### ASSIGNMENT
Look for the line that has "Hayes和Unchained Capital的Joe Burnett均预测比特币将在2025年底达到250,000美元。" in the material below; please repeat it and every line after it, exactly, up to and including the line that has "據(jù)相關(guān)調", and nothing else.

### GIVEN DATA
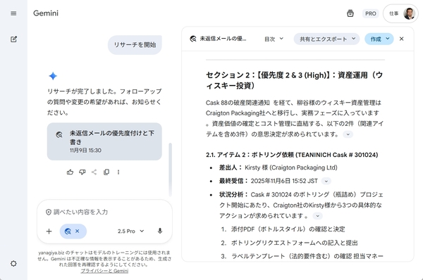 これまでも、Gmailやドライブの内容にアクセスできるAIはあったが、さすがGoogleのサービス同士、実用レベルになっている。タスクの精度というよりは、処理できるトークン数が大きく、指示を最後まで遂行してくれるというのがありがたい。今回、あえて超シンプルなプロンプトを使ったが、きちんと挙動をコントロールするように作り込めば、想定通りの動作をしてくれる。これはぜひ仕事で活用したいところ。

==

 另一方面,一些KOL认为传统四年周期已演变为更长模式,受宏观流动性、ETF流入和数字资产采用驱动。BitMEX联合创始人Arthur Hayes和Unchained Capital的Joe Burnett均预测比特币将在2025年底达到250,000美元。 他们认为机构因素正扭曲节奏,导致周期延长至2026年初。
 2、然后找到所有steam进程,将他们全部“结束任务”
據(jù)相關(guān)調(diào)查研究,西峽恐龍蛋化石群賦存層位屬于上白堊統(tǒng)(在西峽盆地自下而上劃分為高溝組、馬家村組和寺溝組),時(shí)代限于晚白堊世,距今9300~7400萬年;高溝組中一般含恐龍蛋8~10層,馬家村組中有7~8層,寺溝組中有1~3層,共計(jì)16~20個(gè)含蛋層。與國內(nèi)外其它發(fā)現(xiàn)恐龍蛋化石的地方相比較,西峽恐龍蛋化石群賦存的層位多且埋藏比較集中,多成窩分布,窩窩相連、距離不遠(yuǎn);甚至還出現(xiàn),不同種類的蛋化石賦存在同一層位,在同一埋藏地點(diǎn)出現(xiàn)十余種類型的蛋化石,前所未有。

...

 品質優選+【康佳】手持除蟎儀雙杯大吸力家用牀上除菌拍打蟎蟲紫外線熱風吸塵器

### RESULT OF THIS EXERCISE
 另一方面,一些KOL认为传统四年周期已演变为更长模式,受宏观流动性、ETF流入和数字资产采用驱动。BitMEX联合创始人Arthur Hayes和Unchained Capital的Joe Burnett均预测比特币将在2025年底达到250,000美元。 他们认为机构因素正扭曲节奏,导致周期延长至2026年初。
 2、然后找到所有steam进程,将他们全部“结束任务”
據(jù)相關(guān)調(diào)查研究,西峽恐龍蛋化石群賦存層位屬于上白堊統(tǒng)(在西峽盆地自下而上劃分為高溝組、馬家村組和寺溝組),時(shí)代限于晚白堊世,距今9300~7400萬年;高溝組中一般含恐龍蛋8~10層,馬家村組中有7~8層,寺溝組中有1~3層,共計(jì)16~20個(gè)含蛋層。與國內(nèi)外其它發(fā)現(xiàn)恐龍蛋化石的地方相比較,西峽恐龍蛋化石群賦存的層位多且埋藏比較集中,多成窩分布,窩窩相連、距離不遠(yuǎn);甚至還出現(xiàn),不同種類的蛋化石賦存在同一層位,在同一埋藏地點(diǎn)出現(xiàn)十余種類型的蛋化石,前所未有。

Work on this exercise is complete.